> **Record extracts**
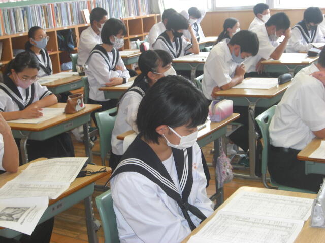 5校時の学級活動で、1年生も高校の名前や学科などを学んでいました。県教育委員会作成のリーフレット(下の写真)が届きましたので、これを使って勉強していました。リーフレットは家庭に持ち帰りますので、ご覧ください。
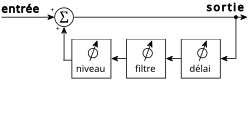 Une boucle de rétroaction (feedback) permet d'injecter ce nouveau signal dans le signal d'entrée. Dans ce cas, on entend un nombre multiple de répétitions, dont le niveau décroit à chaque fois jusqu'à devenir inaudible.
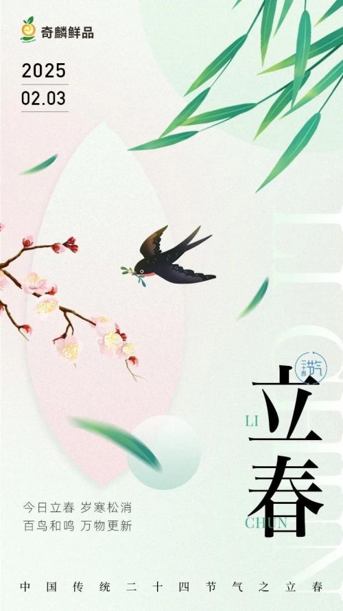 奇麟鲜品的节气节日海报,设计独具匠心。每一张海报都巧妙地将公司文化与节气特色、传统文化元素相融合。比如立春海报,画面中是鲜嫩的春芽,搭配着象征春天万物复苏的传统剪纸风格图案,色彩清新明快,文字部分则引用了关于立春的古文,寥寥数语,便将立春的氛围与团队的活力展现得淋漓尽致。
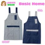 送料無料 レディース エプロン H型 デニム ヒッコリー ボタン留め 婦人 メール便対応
--
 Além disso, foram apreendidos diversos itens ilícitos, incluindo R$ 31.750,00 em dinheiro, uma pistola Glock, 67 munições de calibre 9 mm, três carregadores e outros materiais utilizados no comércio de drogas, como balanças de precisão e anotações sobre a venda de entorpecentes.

> **To do**
Both the line containing "奇麟鲜品的节气节日海报,设计" and the line containing "送料無料 レディース エプロン H型 デニム ヒッコリー ボタン留め 婦人 メール便対応" above belong in the output, as do the lines between them. Print them exactly, without pictures.

> **Your response**
 奇麟鲜品的节气节日海报,设计独具匠心。每一张海报都巧妙地将公司文化与节气特色、传统文化元素相融合。比如立春海报,画面中是鲜嫩的春芽,搭配着象征春天万物复苏的传统剪纸风格图案,色彩清新明快,文字部分则引用了关于立春的古文,寥寥数语,便将立春的氛围与团队的活力展现得淋漓尽致。
 送料無料 レディース エプロン H型 デニム ヒッコリー ボタン留め 婦人 メール便対応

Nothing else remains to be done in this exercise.